• [Material provided]:
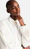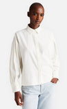 Der Hemdblusenkragen sorgt zusammen mit den voluminösen Ärmeln und den Faltendetails für einen coolen Look.
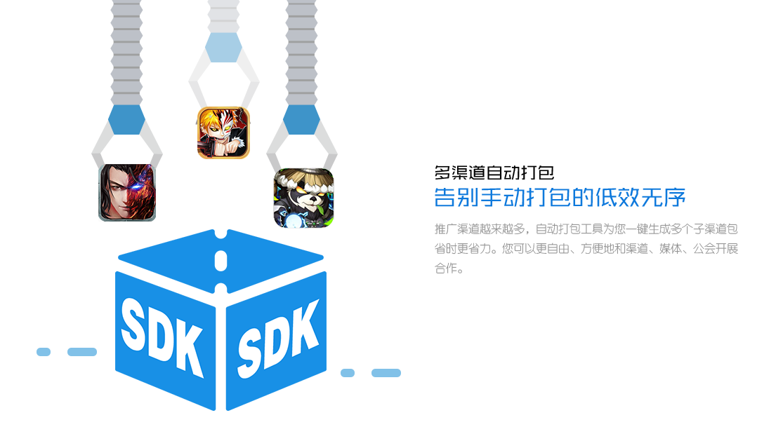 和開發(fā)商(CP)聯(lián)運(yùn),您會(huì)獲得一個(gè)集成了您SDK的游戲母包,越來越多的推廣渠道來協(xié)助您做游戲推廣時(shí),每個(gè)推廣渠道都需要有一個(gè)獨(dú)立的子渠道包,才能統(tǒng)計(jì)每個(gè)渠道的推廣效果,給以不同的推廣分成。而人工將游戲母包集成渠道ID重新打包分成多個(gè)子渠道包是非常繁瑣、還容易出錯(cuò)的。但是,我們的打包工具就能輕而易舉,24小時(shí)無需人工,全自動(dòng)打包,不僅省時(shí)更省力。
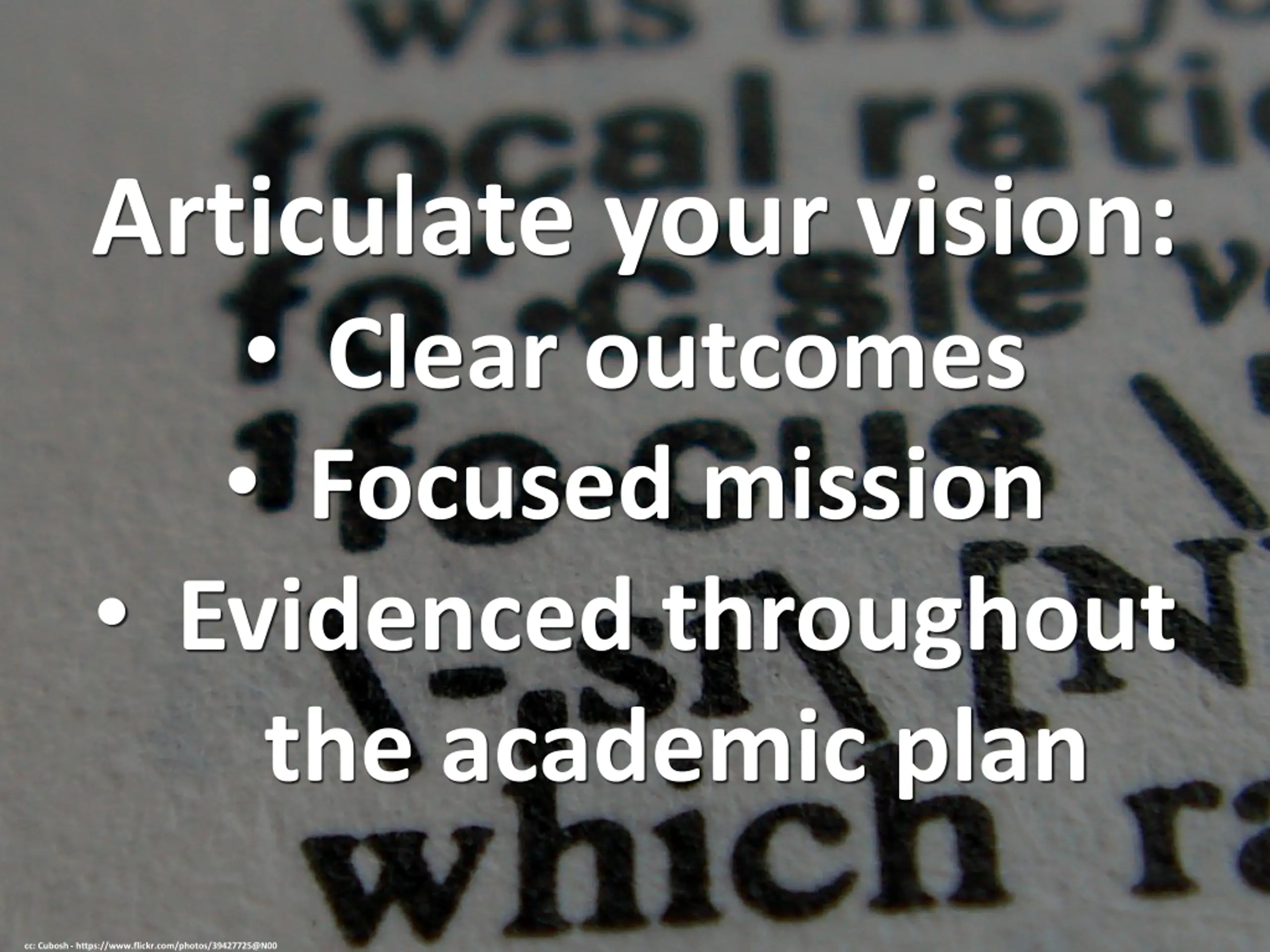 Articulate your vision: Clear outcomes Focused mission Evidenced throughout the academic plan cc: Cubosh - https://www.flickr.com/photos/39427725@N00
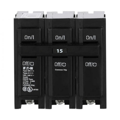 Eaton BR315 - BR thermal magnetic circuit breaker,Type BR 1-Inch plug-on circuit breaker,15 A,10 kAIC,Three-pole,240V,BR,Common breaker trip,#14-4 AWG Cu/Al,Q28,BR,Type BR Loadcenters
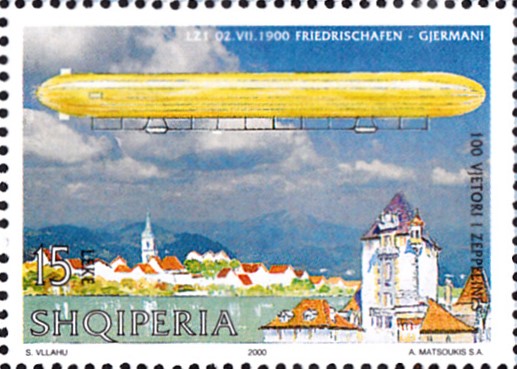 Aus Albanien kommt diese Marke (MiNr2771) mit LZ-1 über Friedrichshafen bei der Jungfernfahrt am 2.7.1900.
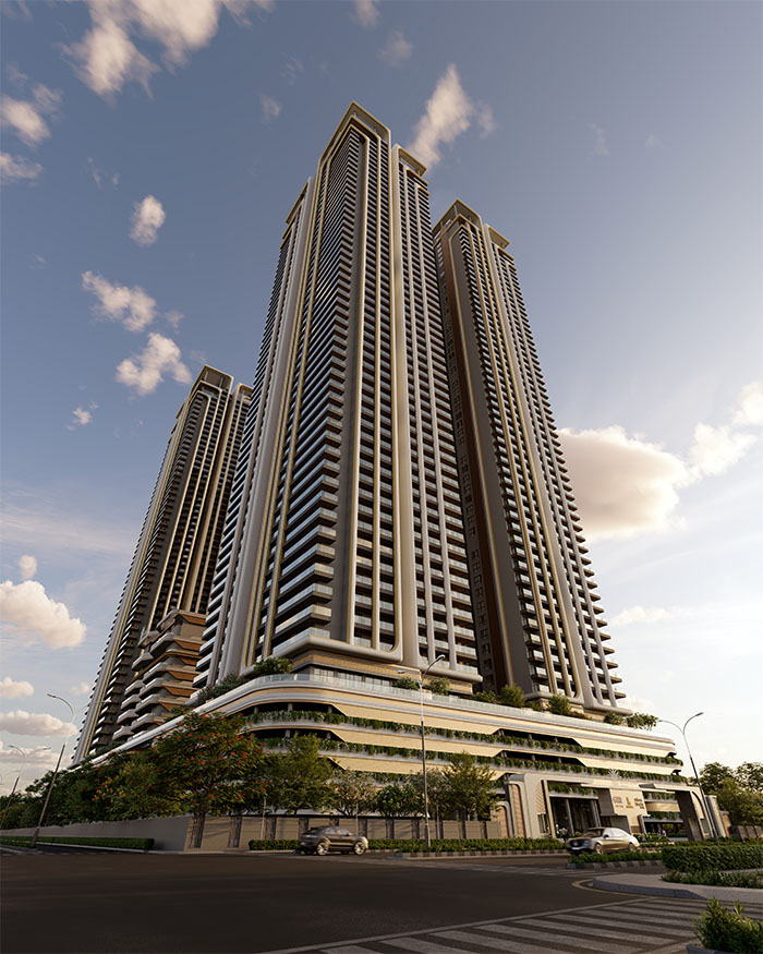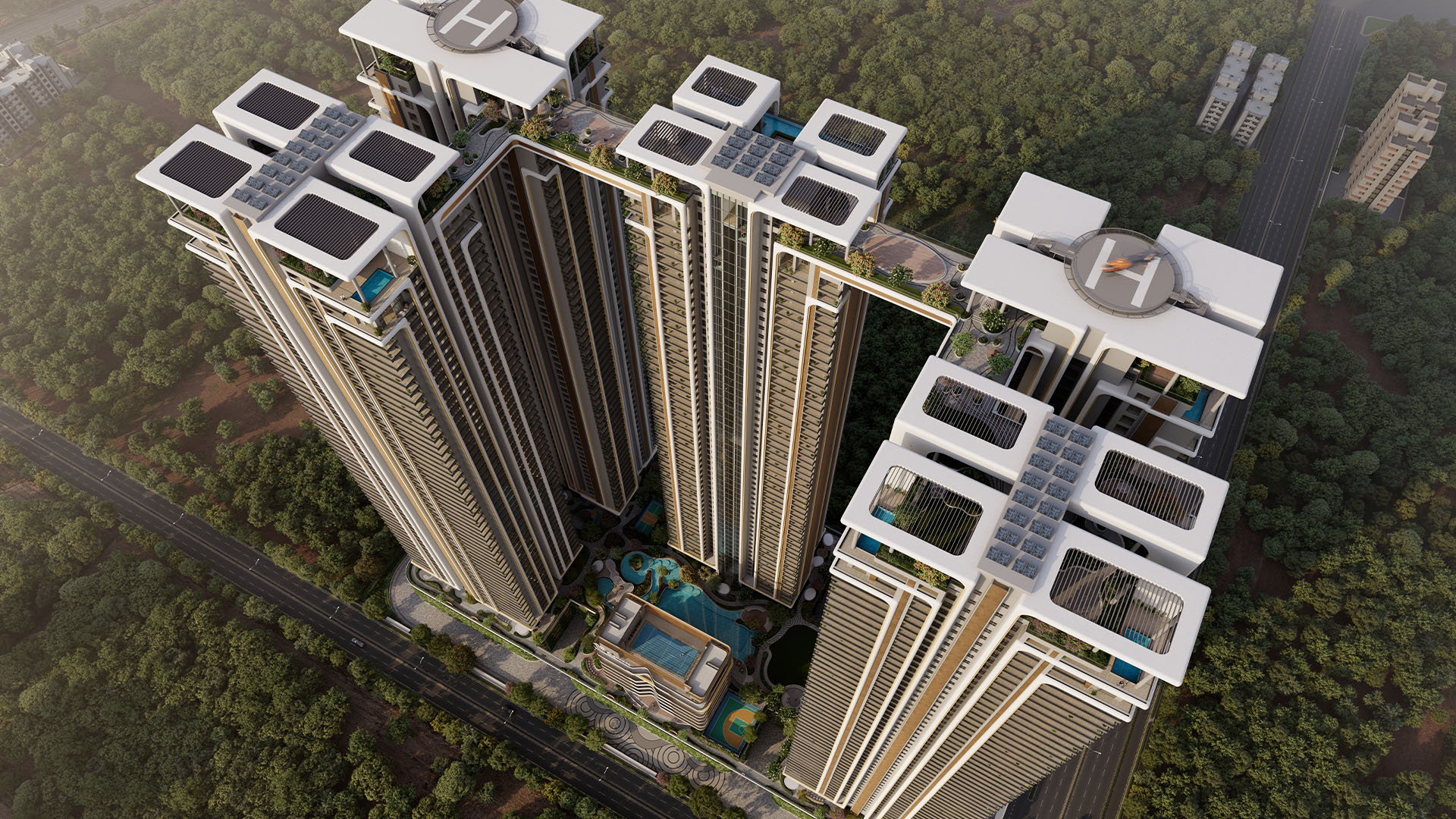 Beneath this sculptural verticality lies a deeply human design philosophy. Nearly 1,200 residences, ranging from 3.5BHK to 4.5BHK homes, are complemented by ten triplex penthouses, each with private sky gardens and pools. The podium below acts as a verdant base — a “green mountain plateau” where cascading planters, stone strata and open terraces ground the towers in the earth’s quiet strength. At its core, the design is about flow — of light, of air, of life itself.

• [Activity]:
Everything in the listing above, apart from its pictures, must be repeated exactly.

• [Response to this task]:
 Der Hemdblusenkragen sorgt zusammen mit den voluminösen Ärmeln und den Faltendetails für einen coolen Look.
 和開發(fā)商(CP)聯(lián)運(yùn),您會(huì)獲得一個(gè)集成了您SDK的游戲母包,越來越多的推廣渠道來協(xié)助您做游戲推廣時(shí),每個(gè)推廣渠道都需要有一個(gè)獨(dú)立的子渠道包,才能統(tǒng)計(jì)每個(gè)渠道的推廣效果,給以不同的推廣分成。而人工將游戲母包集成渠道ID重新打包分成多個(gè)子渠道包是非常繁瑣、還容易出錯(cuò)的。但是,我們的打包工具就能輕而易舉,24小時(shí)無需人工,全自動(dòng)打包,不僅省時(shí)更省力。
 Articulate your vision: Clear outcomes Focused mission Evidenced throughout the academic plan cc: Cubosh - https://www.flickr.com/photos/39427725@N00
 Eaton BR315 - BR thermal magnetic circuit breaker,Type BR 1-Inch plug-on circuit breaker,15 A,10 kAIC,Three-pole,240V,BR,Common breaker trip,#14-4 AWG Cu/Al,Q28,BR,Type BR Loadcenters
 Aus Albanien kommt diese Marke (MiNr2771) mit LZ-1 über Friedrichshafen bei der Jungfernfahrt am 2.7.1900.
 Beneath this sculptural verticality lies a deeply human design philosophy. Nearly 1,200 residences, ranging from 3.5BHK to 4.5BHK homes, are complemented by ten triplex penthouses, each with private sky gardens and pools. The podium below acts as a verdant base — a “green mountain plateau” where cascading planters, stone strata and open terraces ground the towers in the earth’s quiet strength. At its core, the design is about flow — of light, of air, of life itself.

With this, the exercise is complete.